**** Data block
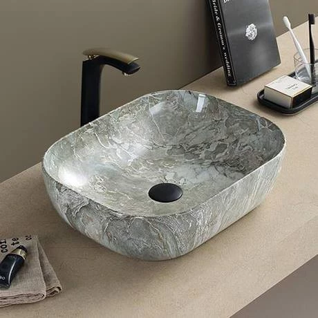 The eye catching luxury Arezzo gloss grey marble effect counter top basin has a stylish contemporary curved shape, perfect for creating a boutique feel in your bathroom. Designed to be mounted onto a worktop console and is best complemented with a high rise basin mixer or wall mounted tap. Manufactured from high quality vitreous china with a gloss grey marble effect finish. Some small dimensional variation may occur due to manufacturing tolerances. Waste not included.
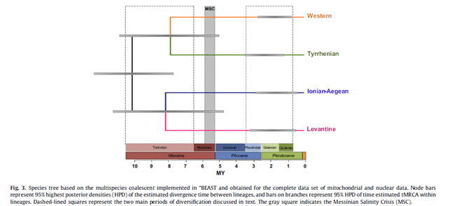 But what does all this have to do with the Messinian crisis? Here we are. Given the high genetic divergence between the species, these could have already differentiated before the Messinian crisis (5.9 – 5.3 Mya). However, these data go against the commonly accepted hypothesis that no stenoaline organism survived this period of high salinity and that therefore flora and fauna secondary recolonized the area.
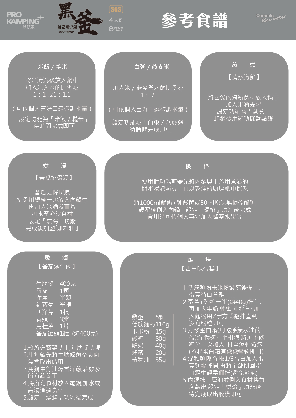 ✔白飯✔糙米飯✔白粥✔燕麥粥✔蒸煮模式(蒸海鮮)
********
◆ **Aim of the exercise**
Copy every line of the listing above exactly. Leave each picture out.

◆ **Result**
 The eye catching luxury Arezzo gloss grey marble effect counter top basin has a stylish contemporary curved shape, perfect for creating a boutique feel in your bathroom. Designed to be mounted onto a worktop console and is best complemented with a high rise basin mixer or wall mounted tap. Manufactured from high quality vitreous china with a gloss grey marble effect finish. Some small dimensional variation may occur due to manufacturing tolerances. Waste not included.
 But what does all this have to do with the Messinian crisis? Here we are. Given the high genetic divergence between the species, these could have already differentiated before the Messinian crisis (5.9 – 5.3 Mya). However, these data go against the commonly accepted hypothesis that no stenoaline organism survived this period of high salinity and that therefore flora and fauna secondary recolonized the area.
 ✔白飯✔糙米飯✔白粥✔燕麥粥✔蒸煮模式(蒸海鮮)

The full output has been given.